Heat flux estimate of warm water flow in a low-temperature diffuse flow site, southern East Pacific Rise 17°25′ S

  • Shusaku Goto
  • Masataka Kinoshita
  • Kyohiko Mitsuzawa


A low-temperature diffuse flow site associated with abundant vent fauna was found by submersible observations on the southern East Pacific Rise at 17°25′ S in 1997. This site was characterized by thin sediment covered pillow and sheet lavas with collapsed pits up to ∼15 m in diameter. There were three warm water vents (temperature: 6.5 to 10.5 °C) within the site above which the vented fluids rise as plumes. To estimate heat flux of the warm water vents, a temperature logger array was deployed and the vertical temperature distribution in the water column up to 38 m above the seafloor was monitored.

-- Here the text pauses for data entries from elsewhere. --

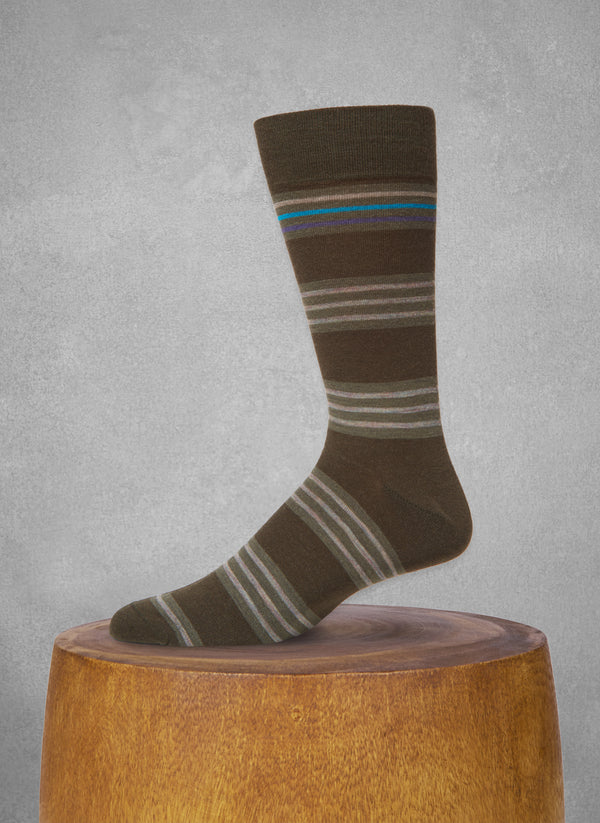 Merino Wool Oxford Mille Stripe Sock in Olive
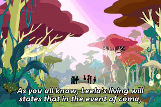 As you all know, Leela's living will states that in the event of coma, her body is to be fed to the wild cyclophage, a highly endangered creature that eats only Cyclopses. Yup, that's what her donor card says.
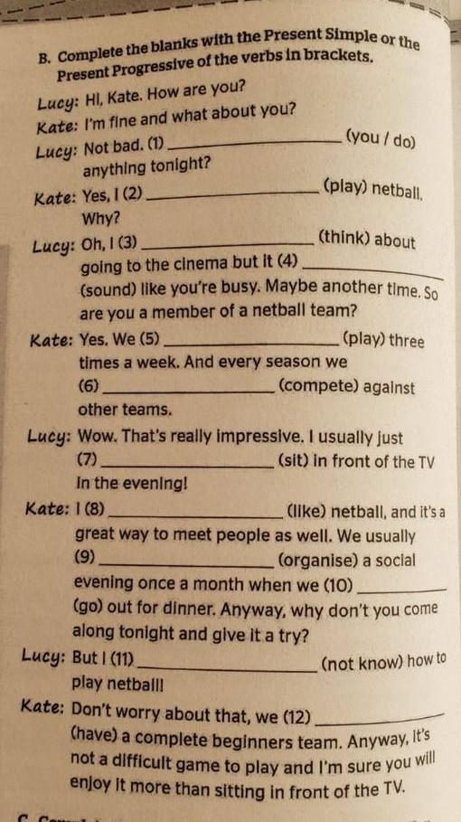 Lucy: Oh, I'm thinking about going to the cinema, but it sounds like you're busy. Maybe another time. So, are you a member of a netball team?
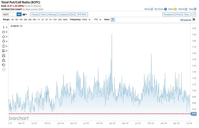 Total Put/Call Ratio drops to lowest level since January 2021
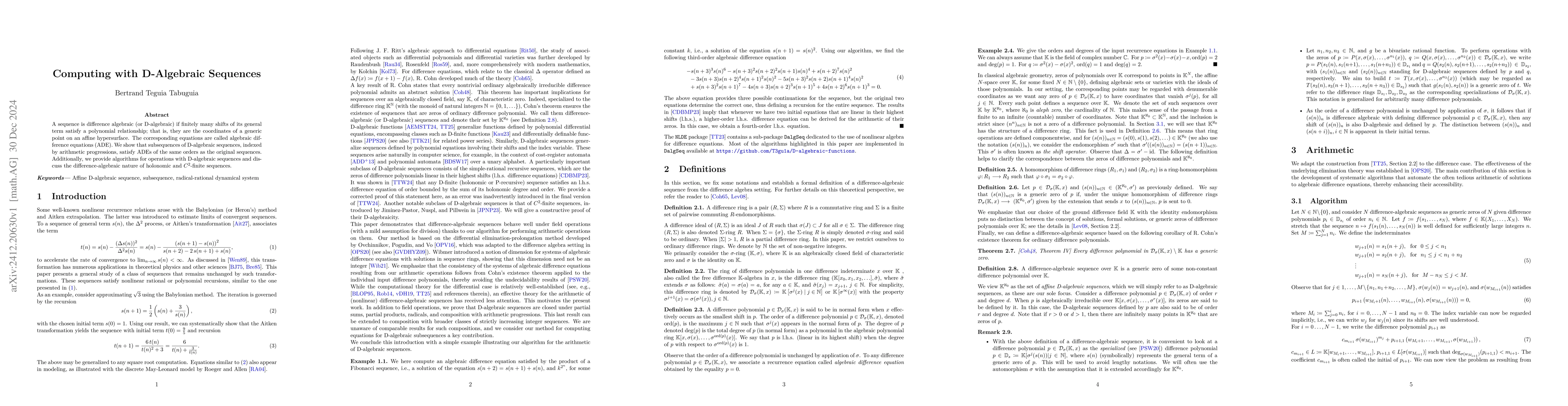 This paper explores difference algebraic sequences, showing that subsequences indexed by arithmetic progressions also satisfy the same order algebraic difference equations as the original sequences. It also provides algorithms for operations with these sequences and examines the difference-algebraic nature of holonomic and $C^2$-finite sequences.
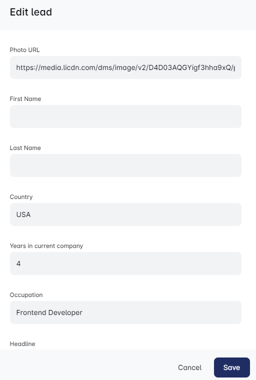 - To update details such as a lead’s name or current company, just add the new information you want.

A stationary deep seafloor observatory system was also deployed to monitor hydrothermal activity in this site. The temperature logger array measured temperature anomalies, while the plumes from the vents passed through the array. Because the temperature anomalies were measured in only specific current directions, we identified one of the vents as the source. Heat flux from the vent was estimated by applying a plume model in crossflow in a density-stratified environment. The average heat flux from September 13 to October 18, 1997 was 39 MW. This heat flux is as same order as those of high-temperature black smokers, indicating that a large volume flux was discharged from the vent (1.9 m3/s). Previous observations found many similar warm water flow vents along the spreading axis between 17°20′ S–30′ S. The total heat flux was estimated to be at least a few hundred mega-watts. This venting style would contribute to form effluent hydrothermal plumes extended above the spreading axis.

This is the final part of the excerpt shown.